[[ Information given, beginning ]]

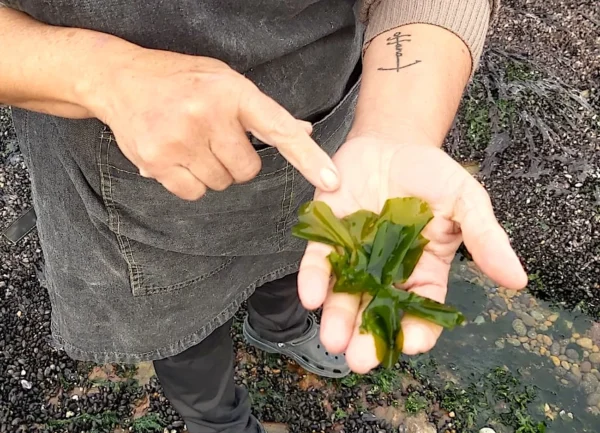 Utiliza tres clases de algas: ulva (lechuga de mar), luche y undaria (wakame), esta última exótica e invasora, y las recolecta a mano con mucho cuidado para que puedan seguir creciendo. Son las mismas algas que crecen en la mayor parte de la costa patagónica. El secreto está en equilibrar su presencia en los platos. “Tienen sabor marino”, explica.
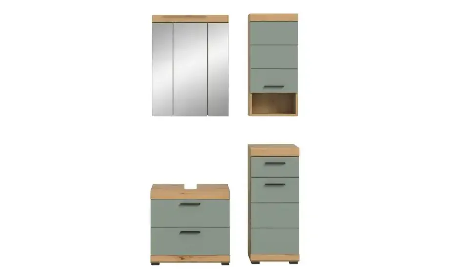 Badmöbel-Set SCHLOONSEE, 4 teilig, bestehend aus: Waschbeckenunterschrank, Spiegelschrank, Unterschrank, Hängeschrank Schloonsee | Eiche Artisan (Nachbildung), Salbeigrün
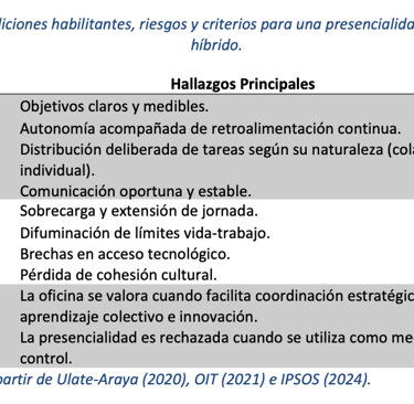 En este sentido, el liderazgo transformacional permite convertir el modelo híbrido en una práctica organizacional estable, donde la autonomía se articula con responsabilidad y la presencialidad adquiere valor como espacio de coordinación, aprendizaje e innovación.
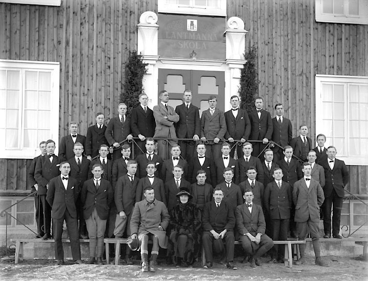 Enligt senare noteringar: "Lärare och elever på huvudbyggnadens trappa." (BJ)
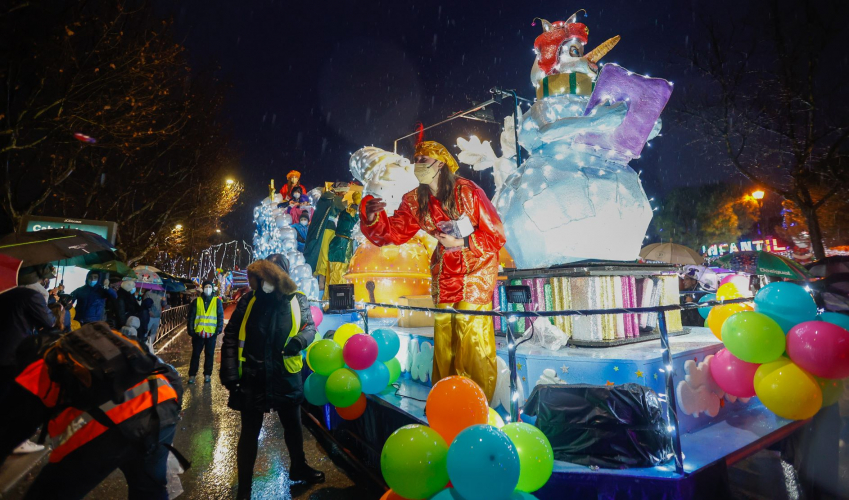 La Cabalgata, con 12 carrozas, de las que tres son las de los Reyes Magos, más las 9 de fantasía junto a las de las asociaciones y entidades participantes, ha comenzado en la glorieta Víctimas del Terrorismo y ha finalizado en la Plaza Mayor.

[[ Information given, end ]]

__Problem description__.
Only lines from the one holding "En este sentido, el" through the last line of the entries above are wanted, both ends included, each retyped exactly; no pictures.

__Solved exercise__.
 En este sentido, el liderazgo transformacional permite convertir el modelo híbrido en una práctica organizacional estable, donde la autonomía se articula con responsabilidad y la presencialidad adquiere valor como espacio de coordinación, aprendizaje e innovación.
 Enligt senare noteringar: "Lärare och elever på huvudbyggnadens trappa." (BJ)
 La Cabalgata, con 12 carrozas, de las que tres son las de los Reyes Magos, más las 9 de fantasía junto a las de las asociaciones y entidades participantes, ha comenzado en la glorieta Víctimas del Terrorismo y ha finalizado en la Plaza Mayor.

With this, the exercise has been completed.